Given material:
* * * * * * * * *

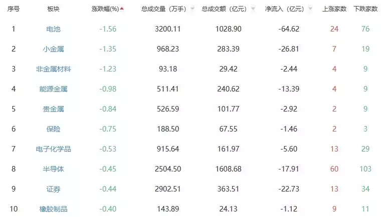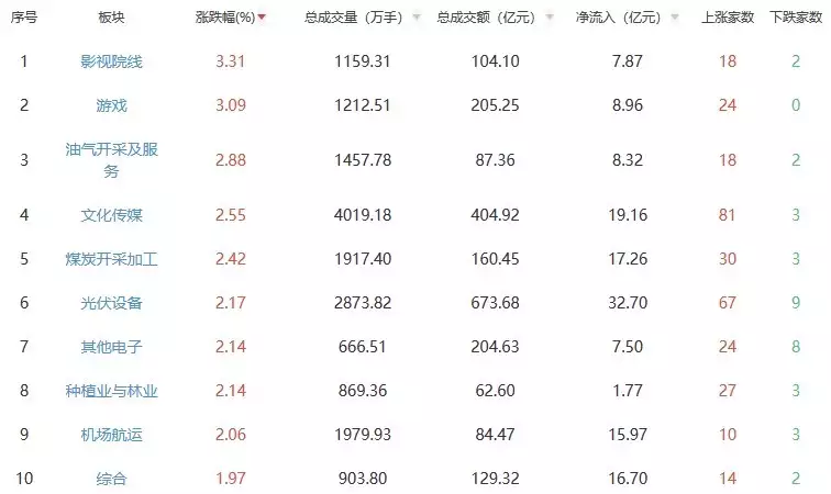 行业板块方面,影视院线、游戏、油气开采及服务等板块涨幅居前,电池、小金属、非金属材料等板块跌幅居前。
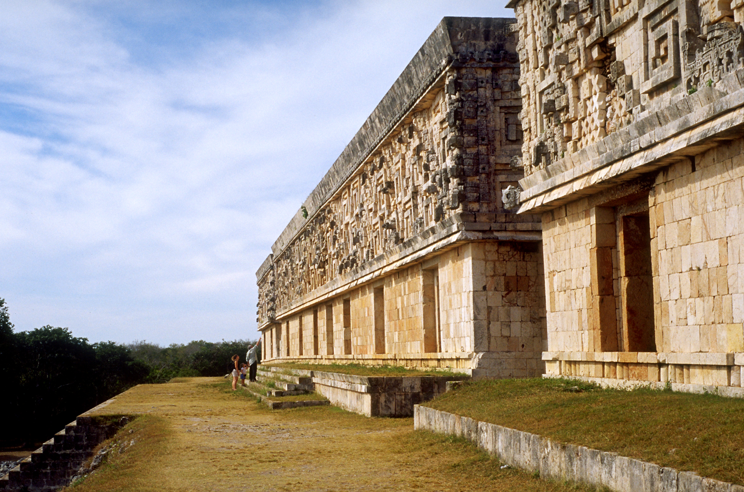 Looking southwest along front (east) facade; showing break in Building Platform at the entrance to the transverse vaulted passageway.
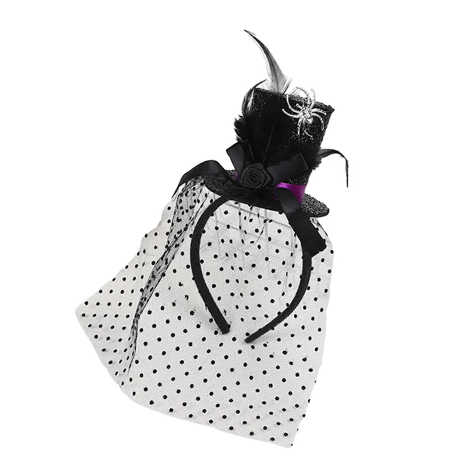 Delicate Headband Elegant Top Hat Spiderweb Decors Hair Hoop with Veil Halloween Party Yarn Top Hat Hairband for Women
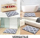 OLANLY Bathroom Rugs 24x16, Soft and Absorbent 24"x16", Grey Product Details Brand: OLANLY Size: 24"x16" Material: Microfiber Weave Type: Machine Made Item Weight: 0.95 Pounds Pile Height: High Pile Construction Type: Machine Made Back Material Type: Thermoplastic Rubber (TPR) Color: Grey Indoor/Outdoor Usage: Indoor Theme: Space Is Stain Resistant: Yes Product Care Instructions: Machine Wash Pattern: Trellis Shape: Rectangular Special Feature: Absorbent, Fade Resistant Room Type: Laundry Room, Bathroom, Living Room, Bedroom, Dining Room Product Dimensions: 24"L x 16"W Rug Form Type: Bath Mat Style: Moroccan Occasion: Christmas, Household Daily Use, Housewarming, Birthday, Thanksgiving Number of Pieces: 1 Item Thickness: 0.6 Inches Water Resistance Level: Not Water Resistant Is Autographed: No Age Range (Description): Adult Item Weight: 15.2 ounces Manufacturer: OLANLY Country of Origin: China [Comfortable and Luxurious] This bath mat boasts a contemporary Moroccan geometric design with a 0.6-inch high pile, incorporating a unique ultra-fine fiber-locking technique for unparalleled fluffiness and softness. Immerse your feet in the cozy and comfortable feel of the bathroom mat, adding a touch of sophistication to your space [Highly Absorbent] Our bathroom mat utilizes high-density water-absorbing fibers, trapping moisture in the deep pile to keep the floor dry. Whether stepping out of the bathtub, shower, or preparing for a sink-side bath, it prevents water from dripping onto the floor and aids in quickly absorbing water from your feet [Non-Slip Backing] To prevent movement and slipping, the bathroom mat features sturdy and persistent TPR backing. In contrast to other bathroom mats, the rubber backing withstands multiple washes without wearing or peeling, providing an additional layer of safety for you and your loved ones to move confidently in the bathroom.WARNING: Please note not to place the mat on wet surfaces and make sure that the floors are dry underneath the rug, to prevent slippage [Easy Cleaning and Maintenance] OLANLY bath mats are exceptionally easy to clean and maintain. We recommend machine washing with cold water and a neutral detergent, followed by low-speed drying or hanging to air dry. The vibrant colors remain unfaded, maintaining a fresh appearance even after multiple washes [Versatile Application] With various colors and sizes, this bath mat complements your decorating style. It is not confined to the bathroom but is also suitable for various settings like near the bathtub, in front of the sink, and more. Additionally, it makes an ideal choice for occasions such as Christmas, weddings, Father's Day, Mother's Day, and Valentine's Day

* * * * * * * * *

Task to complete:
Only the pictures are to be omitted; restate everything else above exactly.

Written solution:
 行业板块方面,影视院线、游戏、油气开采及服务等板块涨幅居前,电池、小金属、非金属材料等板块跌幅居前。
 Looking southwest along front (east) facade; showing break in Building Platform at the entrance to the transverse vaulted passageway.
 Delicate Headband Elegant Top Hat Spiderweb Decors Hair Hoop with Veil Halloween Party Yarn Top Hat Hairband for Women
 OLANLY Bathroom Rugs 24x16, Soft and Absorbent 24"x16", Grey Product Details Brand: OLANLY Size: 24"x16" Material: Microfiber Weave Type: Machine Made Item Weight: 0.95 Pounds Pile Height: High Pile Construction Type: Machine Made Back Material Type: Thermoplastic Rubber (TPR) Color: Grey Indoor/Outdoor Usage: Indoor Theme: Space Is Stain Resistant: Yes Product Care Instructions: Machine Wash Pattern: Trellis Shape: Rectangular Special Feature: Absorbent, Fade Resistant Room Type: Laundry Room, Bathroom, Living Room, Bedroom, Dining Room Product Dimensions: 24"L x 16"W Rug Form Type: Bath Mat Style: Moroccan Occasion: Christmas, Household Daily Use, Housewarming, Birthday, Thanksgiving Number of Pieces: 1 Item Thickness: 0.6 Inches Water Resistance Level: Not Water Resistant Is Autographed: No Age Range (Description): Adult Item Weight: 15.2 ounces Manufacturer: OLANLY Country of Origin: China [Comfortable and Luxurious] This bath mat boasts a contemporary Moroccan geometric design with a 0.6-inch high pile, incorporating a unique ultra-fine fiber-locking technique for unparalleled fluffiness and softness. Immerse your feet in the cozy and comfortable feel of the bathroom mat, adding a touch of sophistication to your space [Highly Absorbent] Our bathroom mat utilizes high-density water-absorbing fibers, trapping moisture in the deep pile to keep the floor dry. Whether stepping out of the bathtub, shower, or preparing for a sink-side bath, it prevents water from dripping onto the floor and aids in quickly absorbing water from your feet [Non-Slip Backing] To prevent movement and slipping, the bathroom mat features sturdy and persistent TPR backing. In contrast to other bathroom mats, the rubber backing withstands multiple washes without wearing or peeling, providing an additional layer of safety for you and your loved ones to move confidently in the bathroom.WARNING: Please note not to place the mat on wet surfaces and make sure that the floors are dry underneath the rug, to prevent slippage [Easy Cleaning and Maintenance] OLANLY bath mats are exceptionally easy to clean and maintain. We recommend machine washing with cold water and a neutral detergent, followed by low-speed drying or hanging to air dry. The vibrant colors remain unfaded, maintaining a fresh appearance even after multiple washes [Versatile Application] With various colors and sizes, this bath mat complements your decorating style. It is not confined to the bathroom but is also suitable for various settings like near the bathtub, in front of the sink, and more. Additionally, it makes an ideal choice for occasions such as Christmas, weddings, Father's Day, Mother's Day, and Valentine's Day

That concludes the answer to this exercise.